Industry Super Australia has released research in the lead up to next week’s deadline for the second round of submissions to the Murray Inquiry which they say shows that the financial system is “not as efficient as it could be” and asks the question on whether the financial system, which was Australia’s second fastest growing sector in the past 30 years, is “effective at facilitating capital formation”.
Their research finds that:
Banks are lending less for commercial endeavours, and more for the purchase or refinancing of existing housing. The volume of commercial lending per dollar of housing-related lending has fallen from $3.84 to $1.62 over the last 25 years. The cost of real capital formation in Australia has risen over the last thirty years.

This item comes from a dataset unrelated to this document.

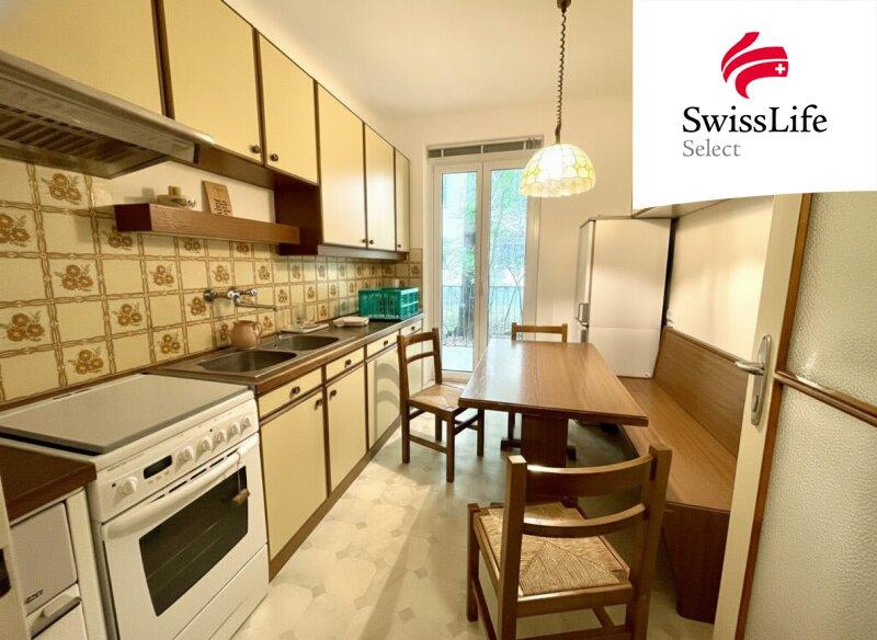 Die Küche ist derzeit getrennt, kann aber optional geöffnet werden, um eine moderne Wohnküche zu schaffen. Von hier gelangt man direkt auf den Balkon perfekt für Frühstück im Freien oder als Platz für Pflanzen.

The finance sector cost the economy $214 to create $1000 of capital in 1980, but it is now over $500 per $1000, with no improvement since the turn of the century.
The also argue that the government subsidies that the banking system enjoys, and which they estimate was worth between $1.2 and $3,1 billion in 2012, actually contributes to falling efficiency.
The result is that banks are focused on lending on residential property rather than to business and that there was a particular focus on lending to purchase in the existing stock of housing rather than to create and build new dwellings which made up just 12.2% of new housing finance compared to 22% in the early 1990’s and 30% in the 1970’s.
Part of the focus on home loan lending is also a return on capital argument and a result of a regulatory free kick that the 5 dominant home loan lenders in Australia recieive as a result of their ability to use APRA’s internal ratings-based approach in order to hold less capital against a home loan than the rest of the Australian banking industry as well as holding substantially less capital than they hold against commercial and other types of loans.
It’s a question as the Murray Panel noted in their interim report when they asked whether the free kick the Majors and Macquarie recieve over their competitors is either fair – competitively neutral – or works efficiently for the Australian financial system.
Crucially Industry Super says they have undertaken “regression analysis to estimate what would happen if the financial system was more efficient at capital formation”. This analysis finds that Australia’s capital stock would be 7% or $328 billion higher and crucially labour productivity would be 0.3% higher which by 2049-50 would add $570 billion to the size of the economy.